= Registration of players under control =

Registration of players under control (支配下選手登録, shihaika senshu tōroku) is the process of notifying Nippon Professional Baseball (NPB) that a professional baseball team affiliated with the NPB has the exclusive right to sign a contract with a specific player as established under Article 52 of the Nippon Professional Baseball Agreement. A player whose unified contract documents have been approved and published by NPB is called a registered player under control (支配下登録選手, shihaika tōroku senshu) or a controlled player (支配下選手, shihaika senshu), and under Article 68 of the NPB Agreement, the team retains exclusive contract rights to the player until the player becomes a free agent.

==Summary==
All players on each NPB team not considered developmental players are controlled players. Among controlled players, those on Nippon Professional Baseball rosters play in the first league's Central League and Pacific League, and other players play in the second league (NPB Agreement, Article 81). Players must fulfill their obligation to participate in official games held by NPB as well as unofficial games and training conducted by teams, the Nippon Professional Baseball All-Star Series, the Nippon Professional Baseball playoffs, and the Japan Series during the contract period.

==Regulations==
- Each team can have up to 70 controlled players. (NPB Agreement Article 79)

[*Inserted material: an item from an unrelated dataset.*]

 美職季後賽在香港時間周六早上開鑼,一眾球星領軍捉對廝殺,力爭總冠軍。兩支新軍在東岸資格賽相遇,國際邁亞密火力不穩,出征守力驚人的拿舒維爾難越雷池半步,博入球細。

- Player contracts are made through unified contract documents. (NPB Agreement Article 45)
- The team that signs the player contract must apply to the NPB commissioner for approval of the contract. (NPB Agreement Article 52–1)
- When the NPB Commissioner approves a player's contract, they must announce that they are controlled players. (NPB Agreement Article 52–3)

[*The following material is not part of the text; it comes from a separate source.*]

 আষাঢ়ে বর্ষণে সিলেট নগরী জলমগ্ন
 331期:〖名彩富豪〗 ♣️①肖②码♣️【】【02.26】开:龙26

- Any player whose player contract has been unconditionally terminated or deemed terminated pursuant to the provisions of this Agreement, or who has forfeited or waived the right to be retained by the team during the suspension period, shall be free to enter into a player contract with any team after public announcement by the player and the Commissioner as a free agent player. (NPB Agreement Article 58)

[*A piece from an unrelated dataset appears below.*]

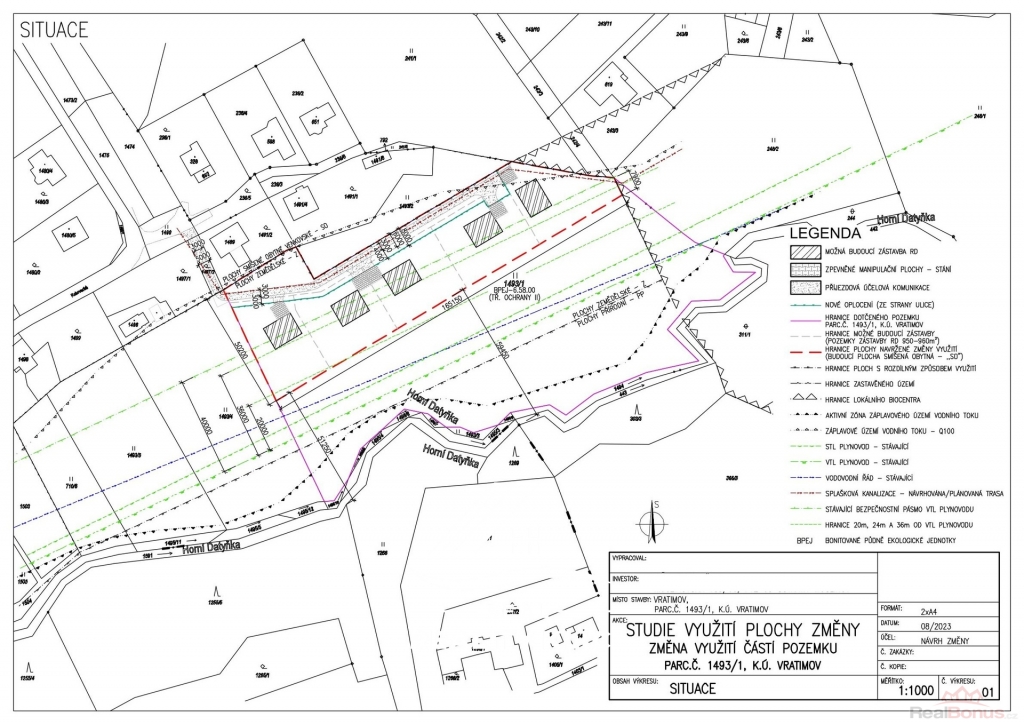 Nabízíme Vám ve výhradním zastoupení majitele k prodeji rovinatý pozemek v obci Vratimov ? Horní Datyně o celkové rozloze 15 602m2.Jedná se o dvě parcely: parcela č.1493/1 o celkové výměře 15.479m2 (trvalý travní porost) a parcela č.1497/2 o celkové výměře 123m2 (zahrada).Pozemek se prodává za cenu 250kč/m2.Inženýrské sítě - voda a elektřina se nacházejí na okraji pozemku. Příjezd k pozemkům je zajištěn z obecní komunikace přes soukromou cestu se zapsáním věcného břemene jízdy a chůze a přes parcelu 1497/2 ve vlastnictví prodávajícího, kterou je možno po domluvě také koupit nebo zapsat podíl na LV. V 08.2023 byla podána žádost na stavebním odboru ve Vratimově na změnu využití částí pozemku parc.č. 1493/1, k.ú. jenž se nachází v nezastavěném území obce ve funkční ploše zemědělské ? Z, Vratimov. Předmětem záměru je návrh změny využití částí pozemku parc.č. 1493/1, k.ú. Vratimov, na zastavitelnou plochu smíšenou obytnou - SO. Předmětem záměru je návrh změny využití částí pozemku parc.č. 1493/1, k.ú. Vratimov, na zastavitelnou plochu pro možnou budoucí zástavbu rodinnými domy. V předmětné ploše může vzniknout 5 stavebních pozemků o ploše cca 950-960m2 pro výstavbu RD. Dopravní obsluhu lokality by zajišťovala nová účelová komunikace ze severozápadní strany pozemku, ze které by byly řešené sjezdy k jednotlivým pozemkům RD. Sjezdy k jednotlivým pozemkům jsou dostačující pro odstavení vozidel před vjezdem na jednotlivé pozemky, ale i pro možnost vyhýbání protijedoucích automobilů. Oplocení jednotlivých pozemků RD by bylo situováno tak, aby byl zajištěn prostor veřejného prostranství 8m. Do prostoru veřejného prostranství by byly umístění stavby technické a dopravní infrastruktury tj. účelová komunikace, prodloužený vodovodní řád, splašková kanalizace a podzemní vedení el. Energie NN. Pozemek je na velmi pěkném místě s dobrou dostupností do okolních měst jak autem, tak MHD. Pro bližší informace nám volejte nebo nás můžete osobně navštívit v Hlučíně na Mírovém náměstí 5/5, Hlučín. Všechny inzerované fotografie nemovitosti naleznete na naších webových stránkách.

- No new player contracts will be accepted from August 1 through the day following the end of the Climax Series. (NPB Agreement Article 64)
- If a trade is carried out between teams, the player registration under the control of the previous team will be deleted, and the player under control will be registered in the new team. The trade deadline is from the day after the end of the Climax Series to July 31 of the next season. (NPB Agreement Articles 105, 108, 110)
- The minimum annual salary for players under control is 4.2 million yen, but if a player with an annual salary of less than 16 million yen is registered as a player in the first squad, they can receive an amount that is multiplied by 1/150 of the difference and then multiplied by the number of days of registration. (NPB Agreement Article 89, 89–2)
- Controlled players that the team intends to sign for the next year will be announced by the NPB as contract pending players on December 2, and the team will have exclusive negotiating rights for contract renewals of the players. (NPB Agreement Articles 49, 66, 67, 68)
(Example: Tokyo Yakult Swallows List of players with pending contracts for FY2022.)
- Players who do not appear on the list of players with pending contracts will be publicly announced as free agent players by the NPB on December 2. (NPB Agreement Article 69)
- Contract for the next year, players who were controlled players in that year can apply for approval of the player from December 1 of that year, and other players can apply for the NPB Commissioner from the day after the Climax Series ends. (NPB Agreement Article 52–2)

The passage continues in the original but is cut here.